Consensus among the panel members must be achieved to determine the final rating for each procedure. If eighty percent (80%) of the panel members agree on a single rating or one of two consecutive ratings, the final rating is determined by the rating that is closest to the median of all the ratings. Up to three voting rounds are conducted to achieve consensus.

If consensus is not reached through the modified Delphi technique, the panel is convened by conference call. The strengths and weaknesses of each imaging examination or procedure are discussed and a final rating is proposed. If the panelists on the call agree, the rating is accepted as the panel's consensus. The document is circulated to all the panelists to make the final determination. If consensus cannot be reached, "No consensus" appears in the rating column and the reasons for this decision are added to the comment sections.

Not applicable

Criteria developed by the Expert Panels are reviewed by the American College of Radiology (ACR) Committee on Appropriateness Criteria.
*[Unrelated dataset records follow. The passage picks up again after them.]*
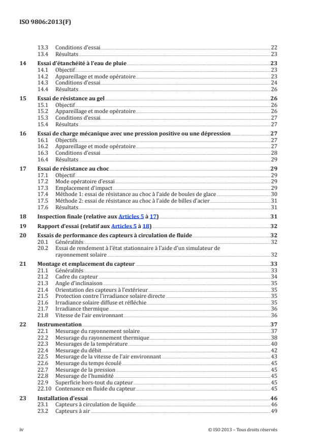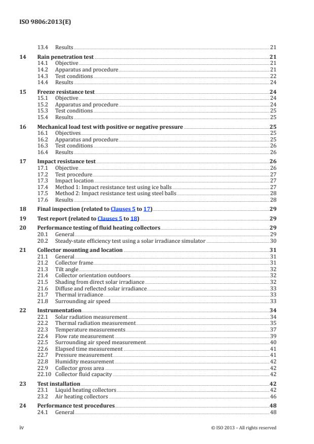 ISO 9806:2013 specifies test methods for assessing the durability, reliability and safety for fluid heating collectors. It also includes test methods for the thermal performance characterization of fluid heating collectors, namely steady-state and quasi-dynamic thermal performance of glazed and unglazed liquid heating solar collectors and steady-state thermal performance of glazed and unglazed air heating solar collectors (open to ambient as well as closed loop). It is also applicable to hybrid collectors generating heat and electric power. However it does not cover electrical safety or other specific properties related to electric power generation. ISO 9806:2013 is also applicable to collectors using external power sources for normal operation and/or safety purposes. ISO 9806:2013 is not applicable to those collectors in which the thermal storage unit is an integral part of the collector to such an extent that the collection process cannot be separated from the storage process for the purpose of making measurements of these two processes.
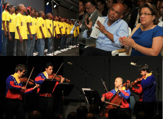 Mr. Andres Gonzalez, Venezuelan Delegate of Program "El Sistema", which serves as a model to the project of the INAMUH, wished to thank the President Martelly of having wished to associate it, as well as the Maestro Jose Antonio Abreu, to this initiative. He also stressed the positive impact that such a program can have on the future and the personality of children who thus learn to express themselves and become true creators. He also renewed the will of the Venezuelan government to provide support to this project. The ceremony was concluded by the performance of young of quartet Libertadores of Venezuela, who have shown professionalism and great technical expertise and have charmed the audience by interpreting, in a masterly way, our "Choucoune".
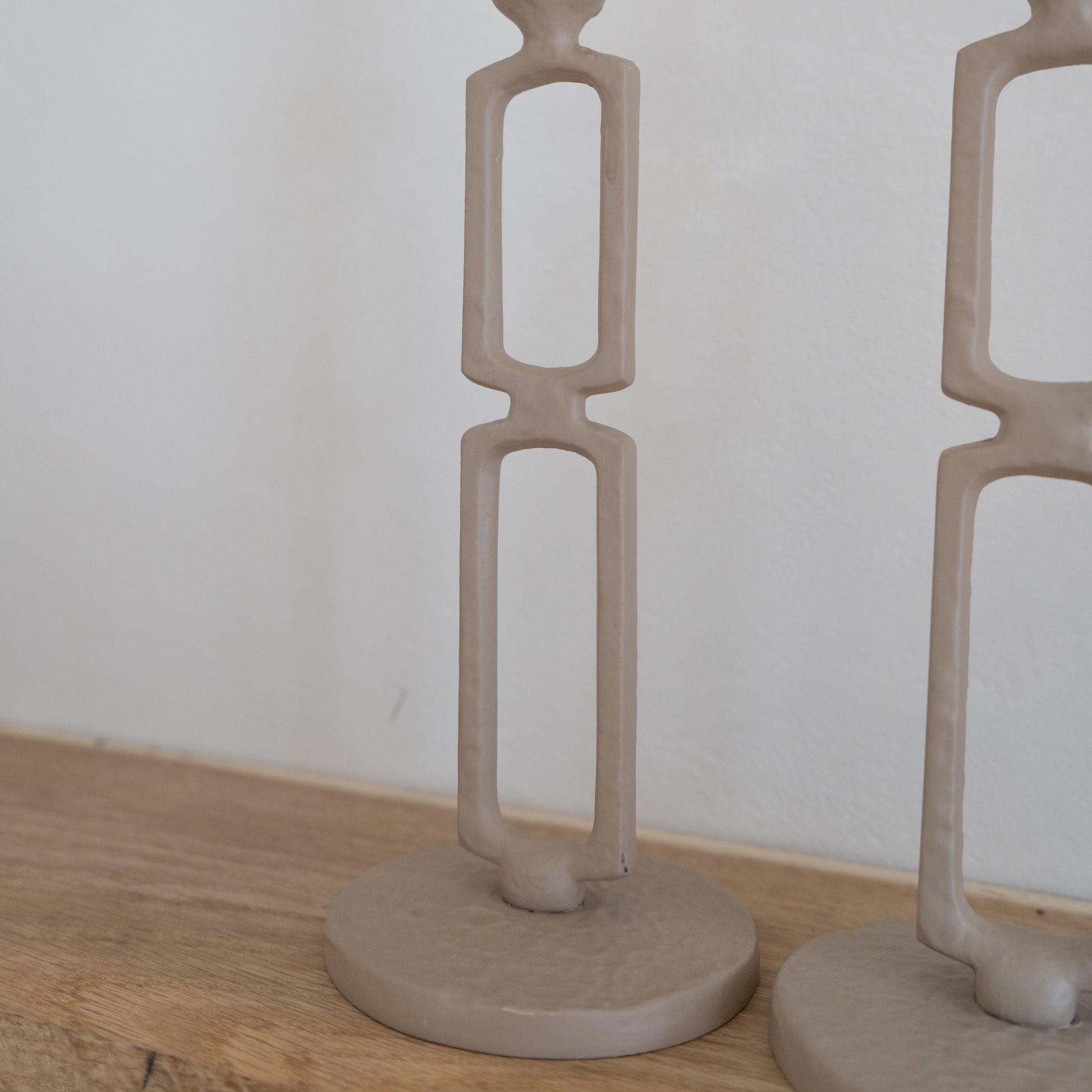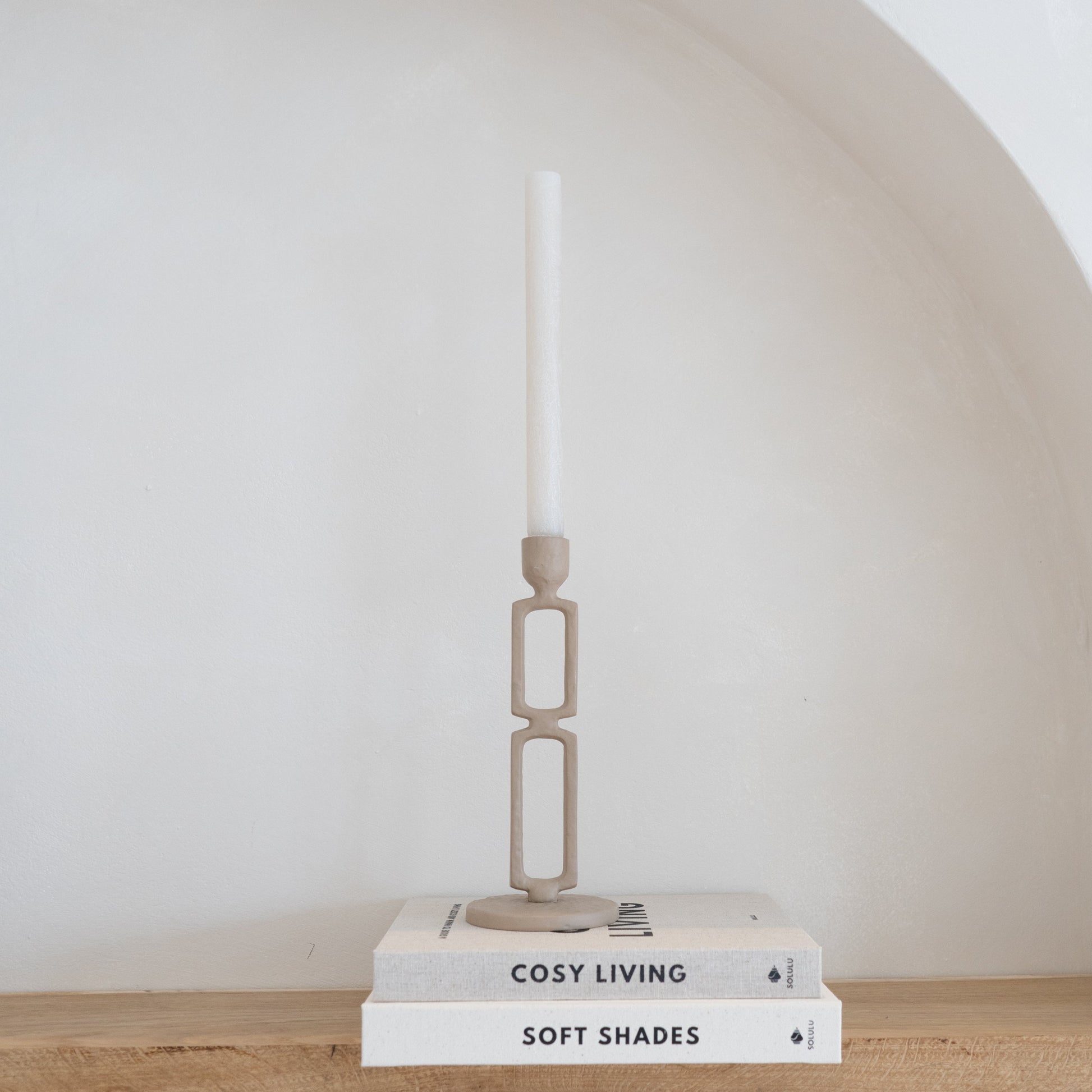 Breng subtiele elegantie in je interieur met deze beige metalen kandelaar. Het minimalistische ontwerp met twee rechthoekige openingen maakt het een stijlvolle blikvanger, terwijl het warme kaarslicht een uitnodigende sfeer creëert. Perfect voor op een dressoir, salontafel of eettafel, deze kandelaar combineert functionaliteit met een eigentijdse uitstraling en past moeiteloos in zowel moderne als klassieke interieurs.

ACR Appropriateness Criteria®

Clinical Condition: Right Lower Quadrant Pain--Suspected Appendicitis

Variant 1: Fever, leukocytosis, and classic presentation clinically for appendicitis in adults.

Radiologic Procedure	Rating	Comments	RRL*
CT abdomen and pelvis with contrast	8	Use of oral or rectal contrast depends on institutional preference.
CT abdomen and pelvis without contrast	7	Use of oral or rectal contrast depends on institutional preference.
US abdomen RLQ	6	With graded compression.	O
US pelvis	5		O
X-ray abdomen	5	May be useful in excluding free air or obstruction.
MRI abdomen and pelvis without and with contrast	5	See statement regarding contrast in text under "Anticipated Exceptions."	O
CT abdomen and pelvis without and with contrast	4	Use of oral or rectal contrast depends on institutional preference.
MRI abdomen and pelvis without contrast	4		O
X-ray contrast enema	3
Tc-99m WBC scan abdomen and pelvis	3
Rating Scale: 1,2,3 Usually not appropriate; 4,5,6 May be appropriate; 7,8,9 Usually appropriate			*Relative Radiation Level

Note: Abbreviations used in the tables are listed at the end of the "Major Recommendations" field.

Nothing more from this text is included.